In the present invention, instead of using a single electromagnetic stirrer (as used in the conventional method), it provides for the use of a large number (plurality) of electromagnetic stirrers which can vary the magnetic field intensity in the mold. In each of these electromagnetic stirrers (hereinafter, referred to as stirrers), the intensity and direction of magnetic field can be varried by changing the number of windings of coil or the electric current, and these electromagnetic stirrers have different magnetic field intensities. That is, the present invention relates to a technique for obtaining an ideal pattern as illustrated in FIG. 7 by using a plurality of stirrers having different magnetic field intensities.
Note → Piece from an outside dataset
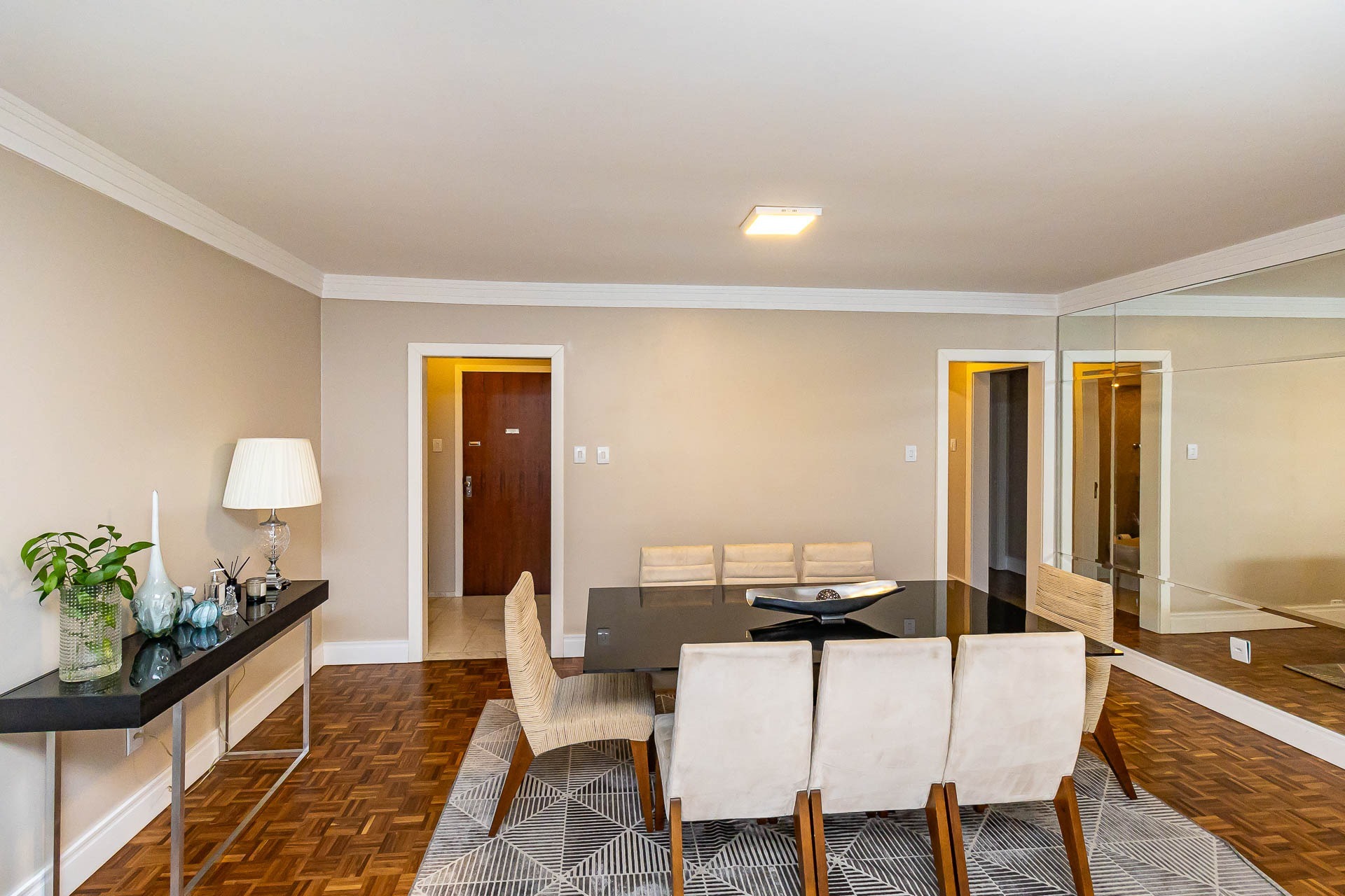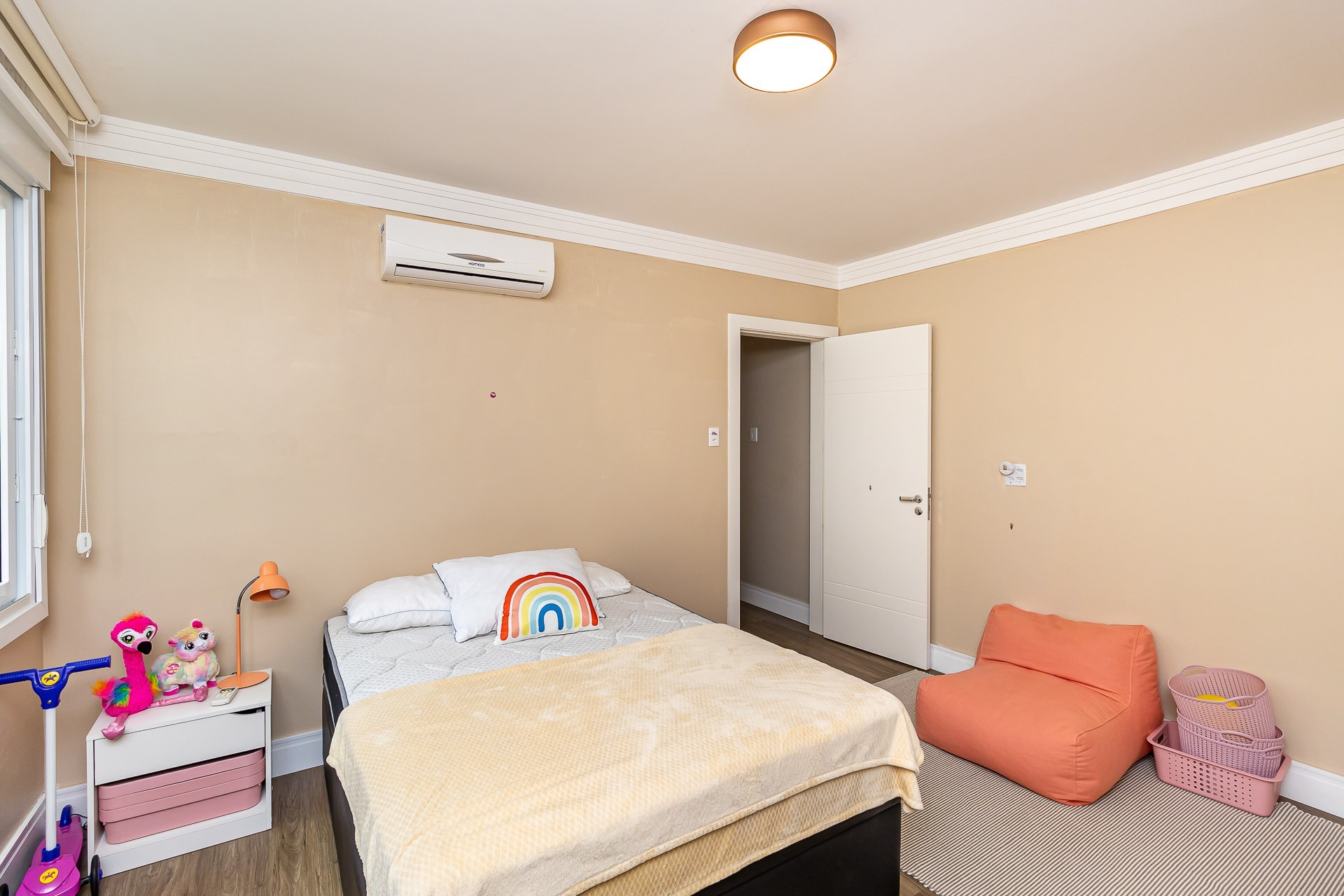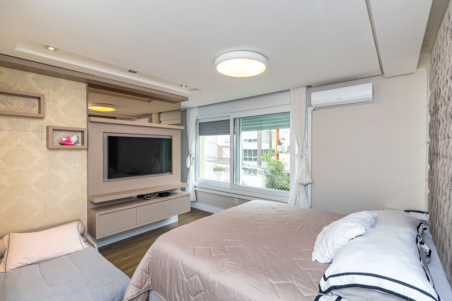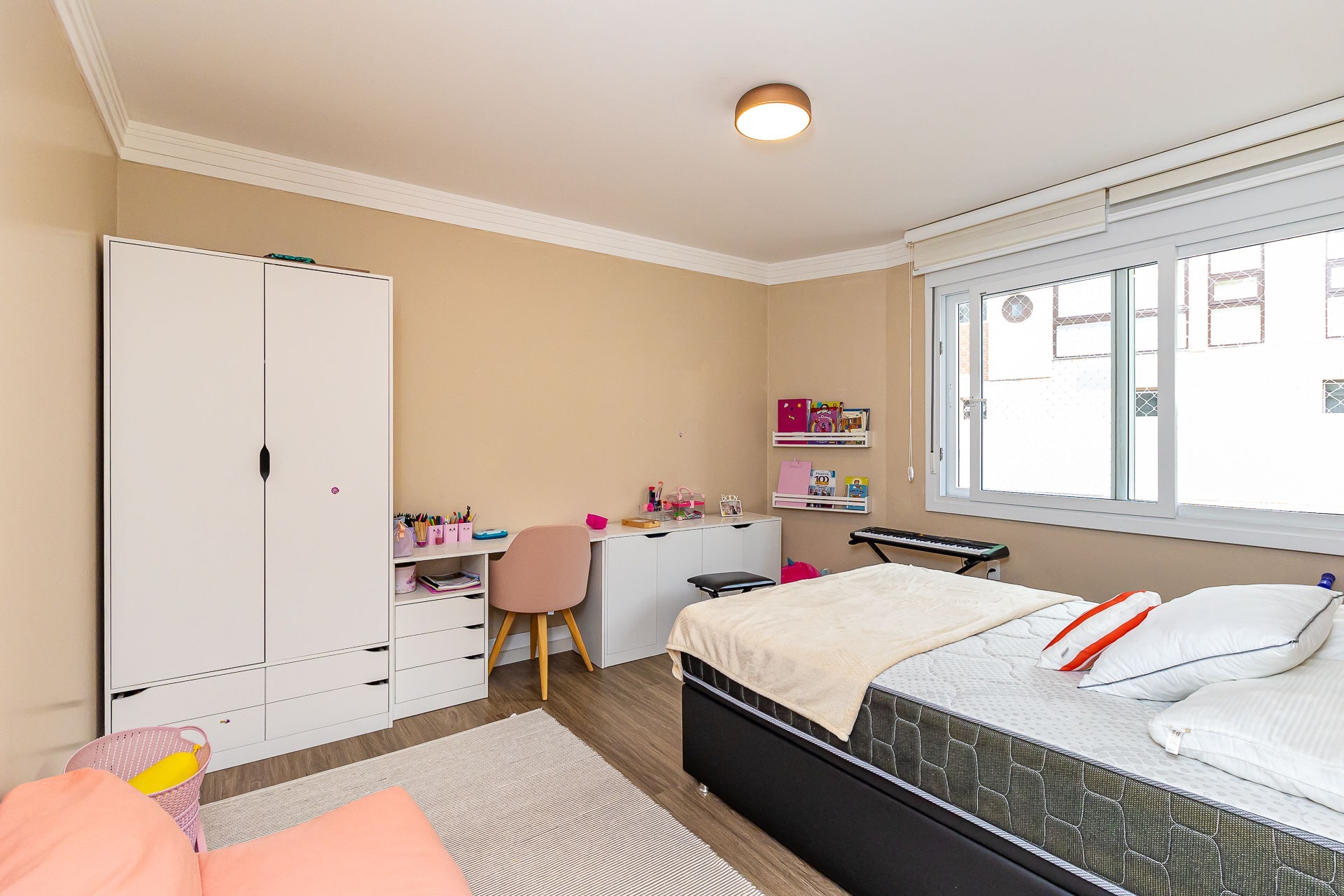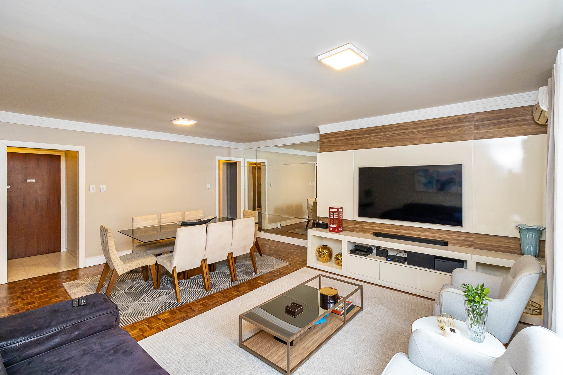 Apartamento para alugar mobiliado com 4 dormitórios, sendo 2 suítes, 179m de área privativa, living com ar condicionado, sacada fechada e ampla com churrasqueira, escrivaninha, cômodas, ventiladores de teto e cortinas, banheiro social com armários, cozinha completa com armários, fogão, geladeira, micro-ondas e coifa e área de serviço.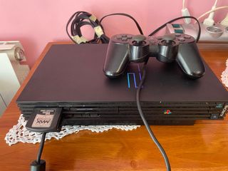 Consola PlayStation 2 en color negro. - Incluye mando. - Incluye cables de conexión y alimentación.

FIG. 1 is a plan view of a casting mold using an electromagnetic stirrer according to a conventional stirring system;
FIGS. 2 and 3 are characteristic property diagrams of the flow rate pattern in x-direction and y-direction of the molten steel in FIG. 1, respectively;
FIGS. 4 and 5 are plan views illustrating the shapes of the short side walls of conventional casting molds;
FIG. 6 is a partial and detailed plan view of FIG. 4;
FIG. 7 is a characteristic property diagram of an ideal flow rate pattern;
FIG. 8 is a plan view illustrating one embodiment of the method of the present invention;
FIG. 9 is a characteristic property diagram of the flow rate pattern in the method illustrated in FIG. 8; and
FIGS. 10, 11 and 12 are plan views of the flow of molten steel in other embodiments of the present invention.
FIG. 8 illustrates one advantageous embodiment of the arrangements of stirrers to be used in the present invention. In this embodiment, stirrers 3a, 3a', 3b, 3b', 3c and 3c' are arranged such that three kinds of stirrers are arranged on each side. In order to obtain an ideal pattern, these three kinds of stirrers 3a . . . 3c' are arranged in the following manner. As the stirrers 3a and 3a' are to be arranged in a rising-up or upstream region (I-J or M-N), wherein a rapid acceleration of molten steel is required, use is made of ones having a coil which have a high magnetic field intensity and a vigorous stirring action, and being capable of accelerating rapidly the molten steel up to a necessary flow rate vn. As the stirrers 3b and 3b' are to be arranged in an intermediate position, wherein neither acceleration nor deceleration of molten steel are required, ones having a mild stirring action are used in order to increase the flow rate in an amount required to restore the decreased flow rate due to fluid resistance, and to maintain the vn. Further, as the stirrers 3c and 3c' are to be arranged in a falling-down or downstream region (K-L or O-P), wherein deceleration of molten steel is required, use is made of ones having a reversely turned coil and capable of negatively accelerating the molten steel so as to brake it and to decrease rapidly its flow rate to the critical flow rate vb, which is free from the lap of powder.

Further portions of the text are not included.